Friday, October 26, 2012
Bratislava: First Impressions
If you're wondering, "Where the hell is Bratislava?", it's in Slovakia. And Slovakia is a land-locked bubble nestled between Austria and the Ukraine. Quick history: After World War I, Slovakia merged with the Czech lands in the north to form Czechoslovakia. The next world war turned it into a Soviet satellite state, under which it languished for the next forty years. After slipping out of the Soviet Union in 1989, strife cropped up between the Czech and Slovak governments. They decided to quietly part ways just a few years later. This "Velvet Divorce" of 1993 posed a major problem, however: most of Czechoslovakia's money had come from Prague, and when that city suddenly found itself in the Czech Republic, Slovakia was basically left to fend for itself with few resources.
And it suffered. According the Rick Steve's guide, as few as ten years ago the center of Bratislava was a place where "only thieves and fools dared to tread." But soon enough, money started flowing in from foreign investors, creating what is today one of Eastern Europe's boom economies and a very different picture of Bratislava.
I knew nothing about Bratislava a few weeks ago, not even where it was. Before arriving here, I expected to find something along the lines of stereotypical Soviet-- grim faces, grey coats, and the like. Flagging down a taxi driver in front of the airport, I thought: "And there it is."
I immediately forgot the Slovak word for "hello." We stared at each other for an awkward moment. Then I just nodded, for lack of ideas. He said nothing.
We drove in silence for a while, past ugly industrial zones under a grey sky.
He must have seen me staring at one Gargantuan, all-glass shoebox stretching a length of highway. "Aupark Shopping Center," he said with a note of pride. Shopping center. Looming like a giant middle finger flipped to communism right outside downtown.
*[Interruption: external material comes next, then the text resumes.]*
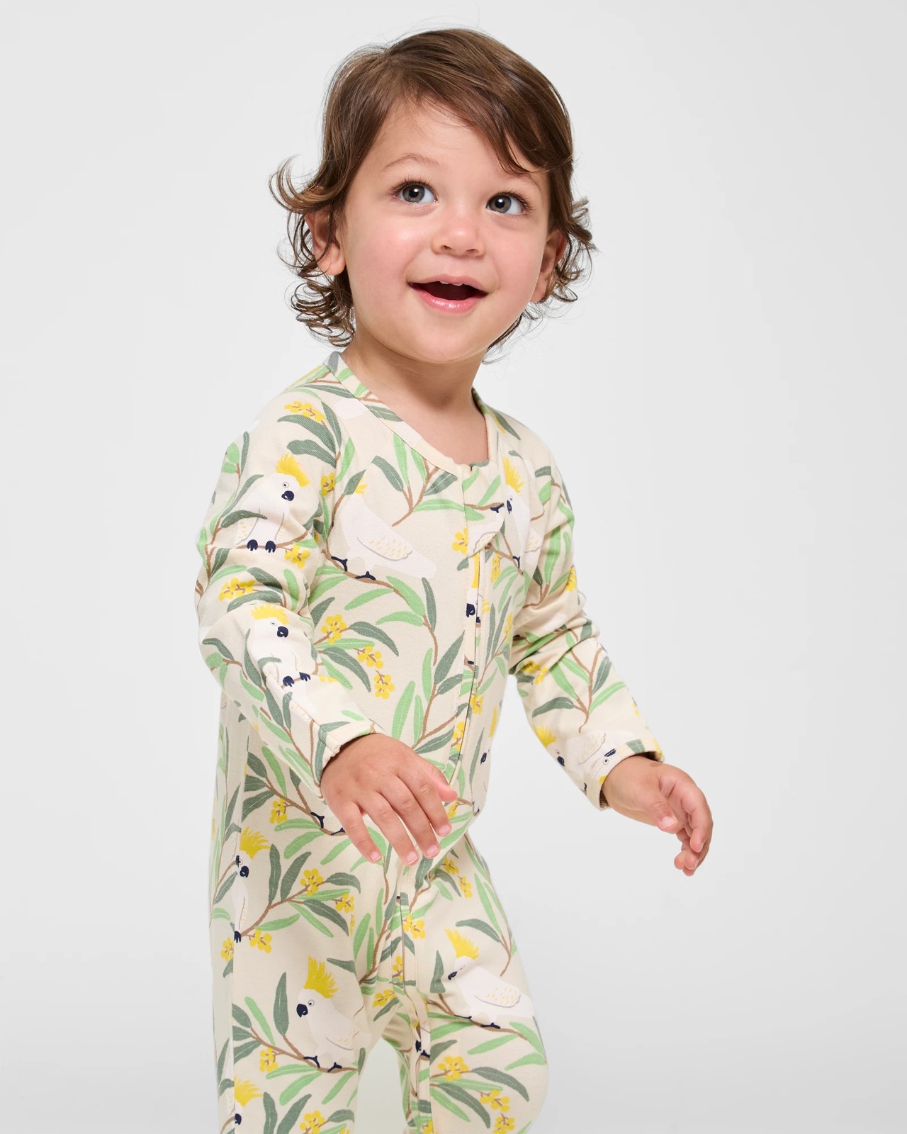 Baby Organic Cotton Print Zip Coverall - Cockatoos

The ice was broken. From there he began to point out sights left and right: the ultra-modern presidential palace, onion-domed Saint Michael's Gate, cobblestoned Old Town packed with students day and night. A chocolate shop. "I'll be visiting that," I said, and he laughed. Actually, he giggled. For the first time I saw a big grin spread across his face, saw his eyes light up in the rearview mirror as he bounced a little in his seat. This taxi driver is a good representation of my first impressions of Bratislava: staid and dour in appearance, but underneath, it's positively giggling.